Yes, we all know that AI can create false audio, false emails, etc. which is why I think AI is going to make e-discovery harder and harder, the “truth” far easier to hide.
But e-discovery execution will get better. Already several e-discovery AI laboratories are succeeding at the test phases of “story telling”: using natural language understanding technology and a form of “early case assessment” technology, artificial intelligence experts have developed algorithms that can parse structured and unstructured data sets to enable computers to in effect “unite” relationships and “tell a story”.
CONCLUSION
As technology has weaved its magic and makes our transactions, communications and the application of human intelligence to our various disciplines faster, smarter and global it has altered our traditional roles.

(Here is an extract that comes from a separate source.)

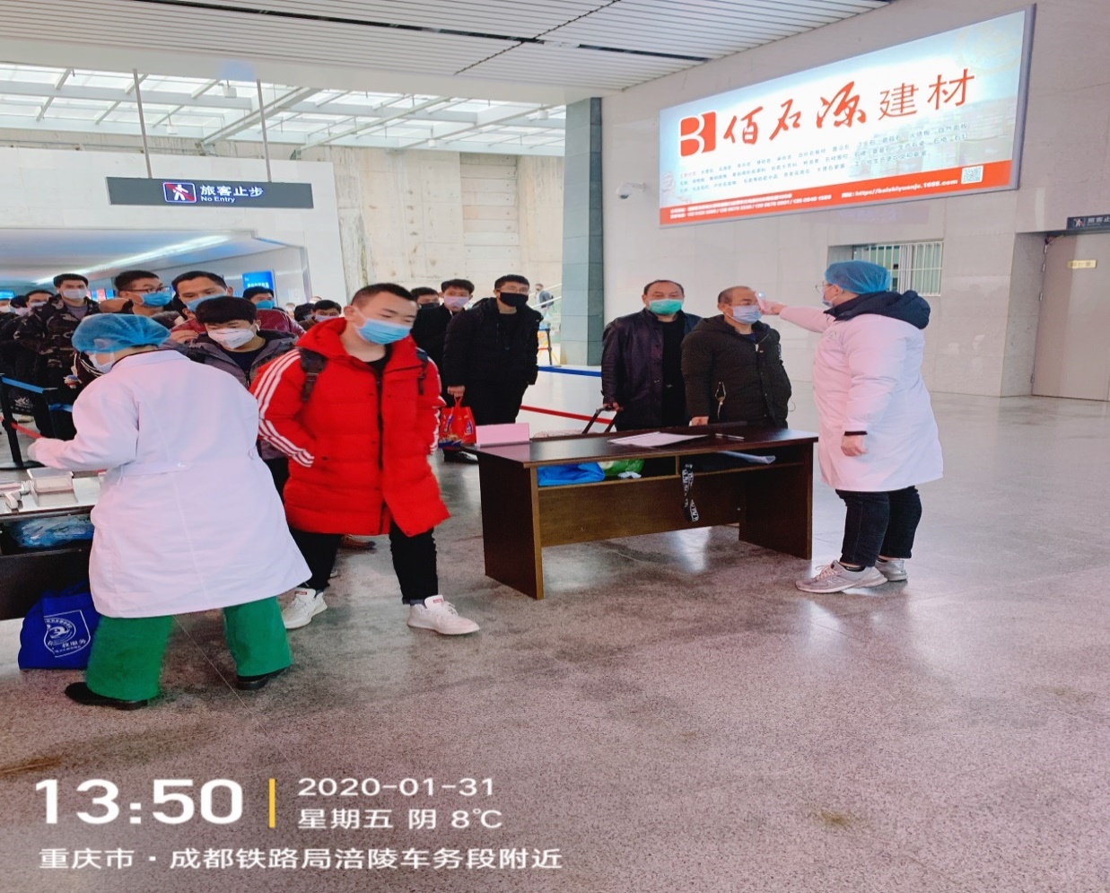 2016级潘腾旭同学在涪陵火车站防控点对人员作体温筛检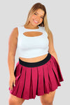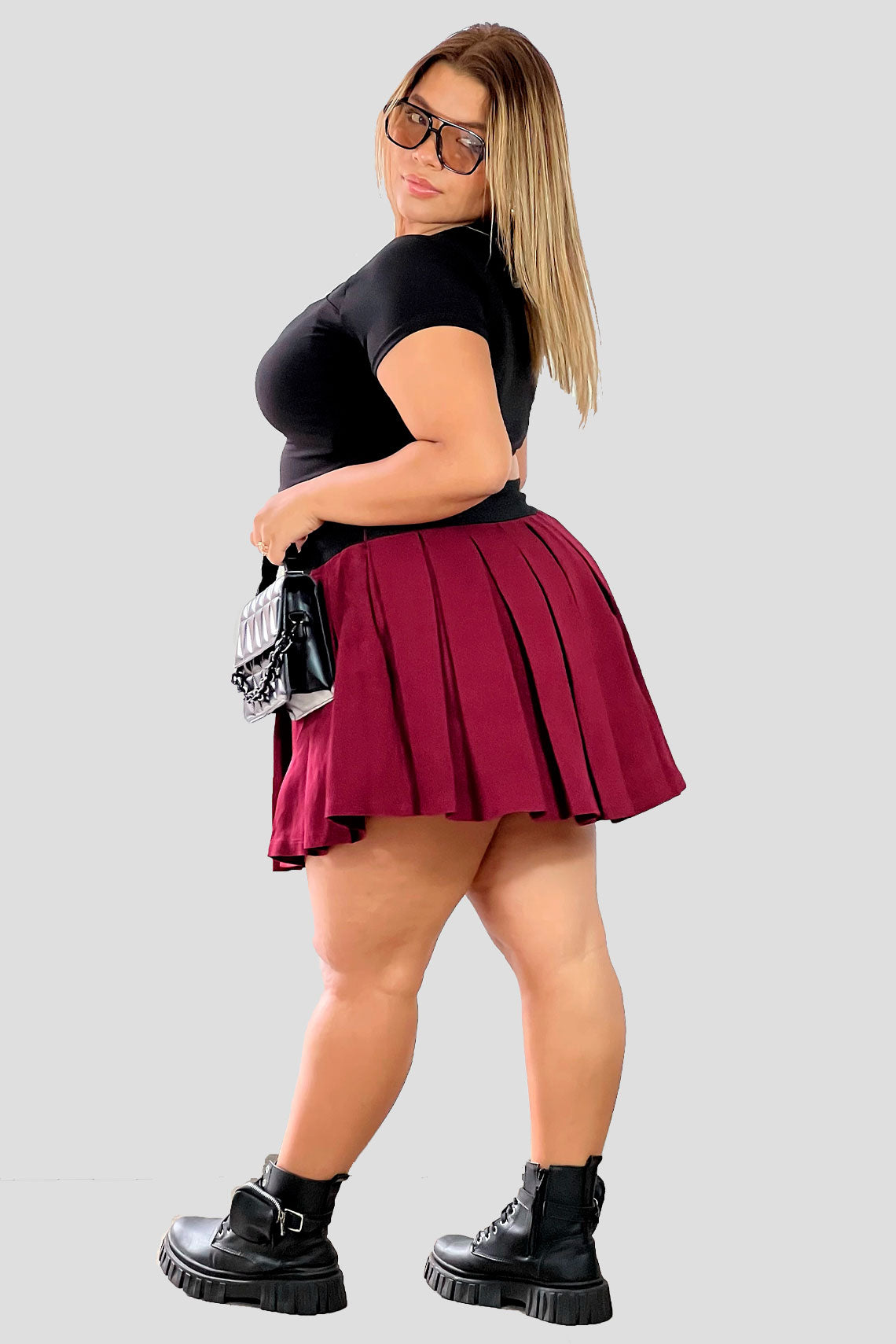 Falda corta con diseño de pliegues marcados y pretina ancha en tela elástica para un ajuste cómodo y favorecedor. Fabricada en tela rigida le da movimiento y frescura.

And it also leaves behind a data trail that companies and their lawyers must not only grapple with and manage but also exploit for commercial advantage. As Ron Friedmann and others have well-noted, a transformation is taking place in legal services, as we adjust to the commercial reality we find ourselves in and we are likely to see new business structures, legal service partnerships, consulting services and costs models emerging.
The problem is that our technology-driven society has deemed that any human activity that can be adequately duplicated by computer code and the related data matched to the performance of a human accomplishing the activity falls within the purview of so-called “artificial intelligence”. There is no difference fundamentally between so called white collar work such as rules-based accounting or parsing legal documents or medical diagnosis, accomplished by a computer and associated programming directions, and the range of controls that regulate physical machinery.
Yes, physical machinery is far superior to human labour in accomplishing the same repetitive tasks. Human-written computer code, run through a computer, therefore “should” be far superior to humans in rule-based “office” tasks.
But machine learning is a brittle system. The areas where machine learning is trying to be good requires enormous amounts of data and quantitative comparisons (is that an apple or a face? can I make a medical prognosis? are these documents all relevant/responsive?). But show it something it has never seen before … or screw up the training set … and it won’t have a clue. As I noted in Part 1, if you train an ML to play “Go” on a 19 x 19 board, and then add an extra row and column, it won’t be able to extrapolate how to play. Humans beat it hands down. In some cases, it cannot even determine a move.
And as for rare problems, with little data, and novel situations, which is most of life actually … well, we need to work on that. Yes, there are chemical and metabolic limits to the size and processing power of “wet” organic brains. And perhaps we’re close to these already. But while there seem to be no such limits to constrain silicon-based computers (still less, perhaps, quantum computers) and their potential for further development could be as dramatic as the evolution from monocellular organisms to humans, we need to slow down just a bit. Abstract thinking by biological brains has underpinned the emergence of all culture and science. It will continue to do so for awhile. But let me get back to you on that.